**GIVEN MATERIAL**.
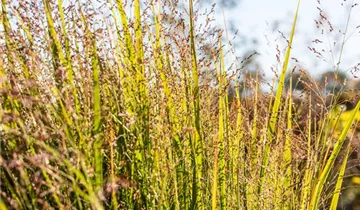 Die Ruten-Hirse (Panicum virgatum) ist mit ihrer mittelgrünen Blattfärbung ein dekoratives Gestaltungselement im Garten, welches sich an einem sonnigen Standort mit einem möglichst durchlässigen, humosen, lockeren Boden am wohlsten fühlt. Die grünen Blütenwedel schmücken die horstbildend und trichterförmig wachsende Pflanze ab Sommer. Bei günstigen Bedingungen erreicht dieses winterharte Gras eine Höhe von ca. 2,5 m und wird bis zu 1 m breit.
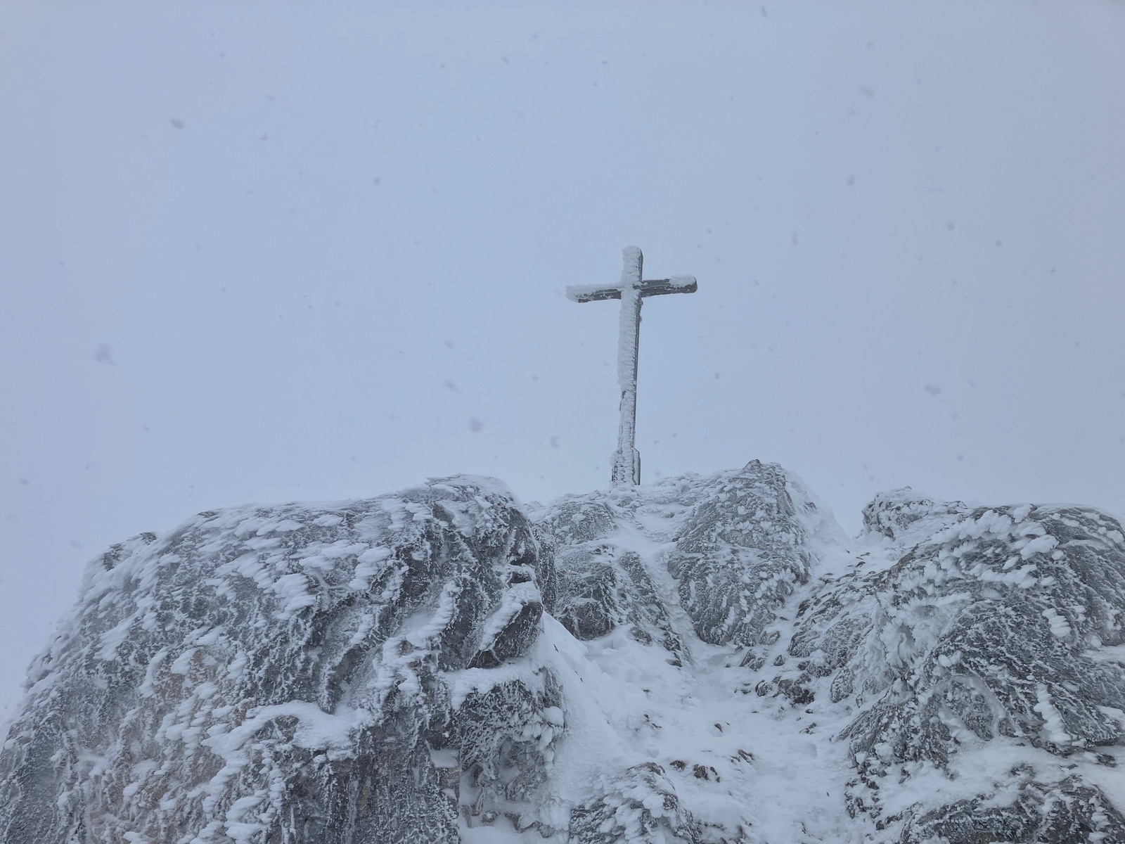 Gipfelkreuz Lacherspitze - heute nicht zur Gipfelrast einladend:
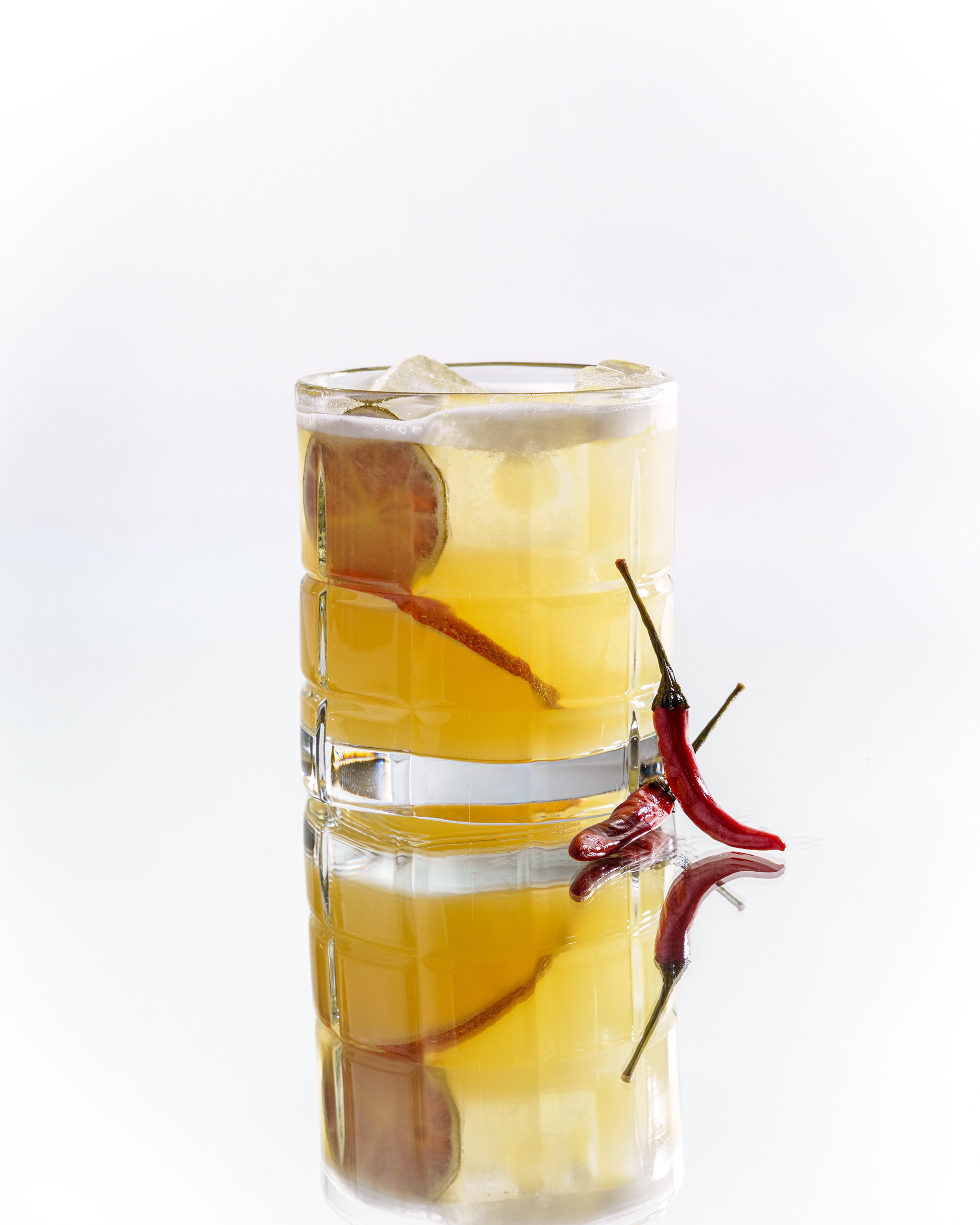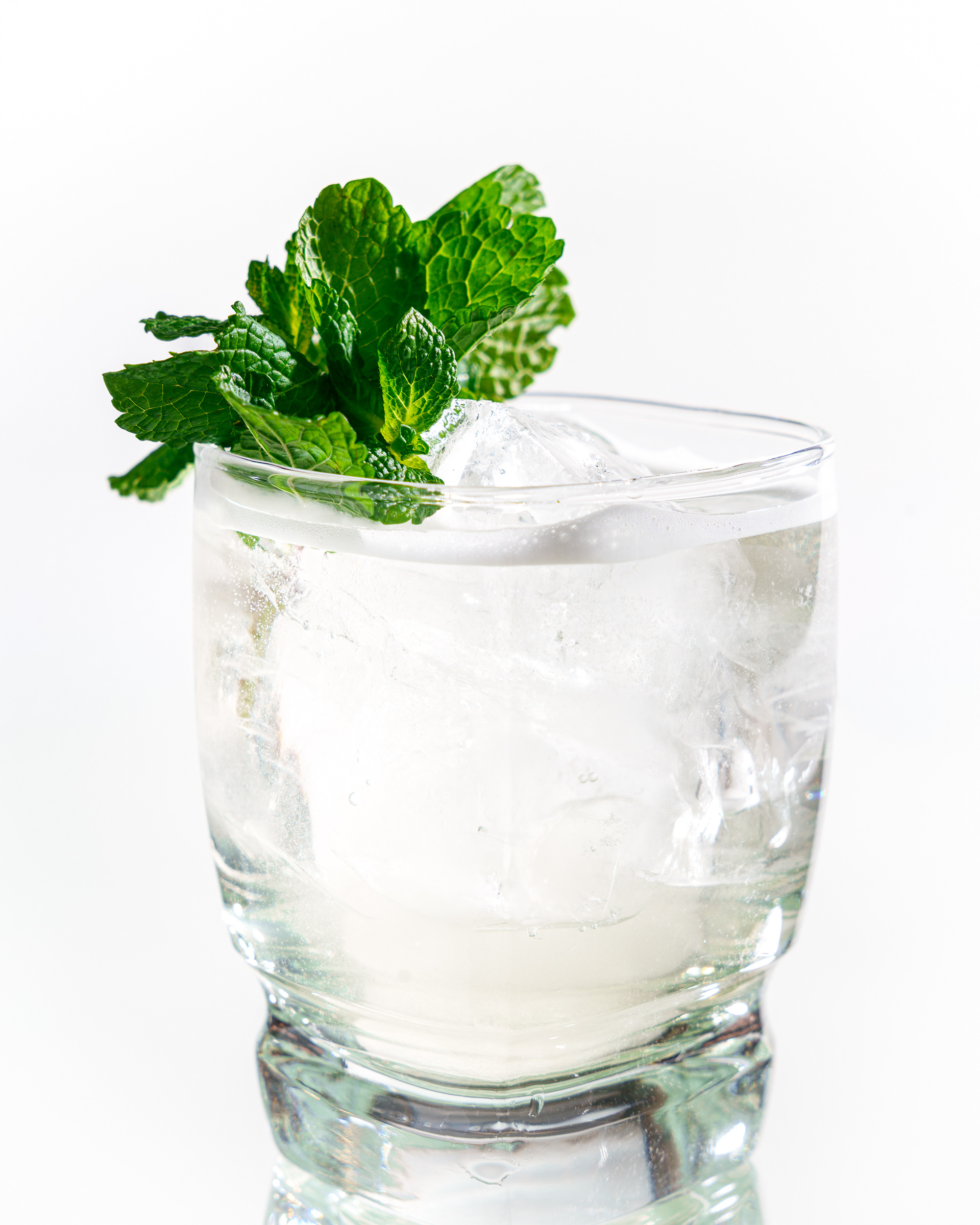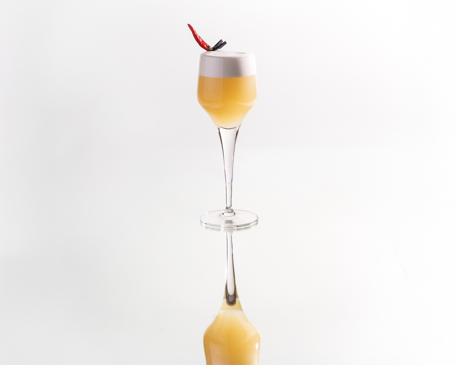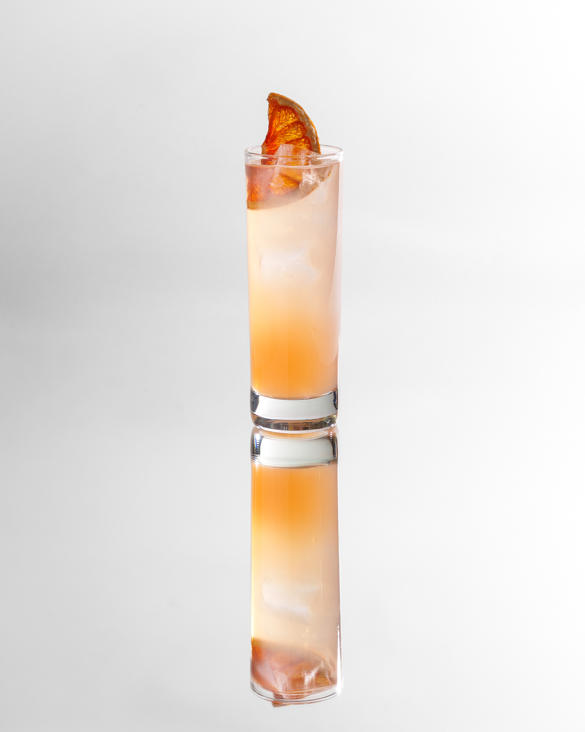 Cocktails shot on mirror. Beautiful pure white background delicious cocktails

**PROBLEM TO SOLVE**.
Every line of the material must be reproduced verbatim; the pictures are to be omitted.

**RESPONSE**.
 Die Ruten-Hirse (Panicum virgatum) ist mit ihrer mittelgrünen Blattfärbung ein dekoratives Gestaltungselement im Garten, welches sich an einem sonnigen Standort mit einem möglichst durchlässigen, humosen, lockeren Boden am wohlsten fühlt. Die grünen Blütenwedel schmücken die horstbildend und trichterförmig wachsende Pflanze ab Sommer. Bei günstigen Bedingungen erreicht dieses winterharte Gras eine Höhe von ca. 2,5 m und wird bis zu 1 m breit.
 Gipfelkreuz Lacherspitze - heute nicht zur Gipfelrast einladend:
 Cocktails shot on mirror. Beautiful pure white background delicious cocktails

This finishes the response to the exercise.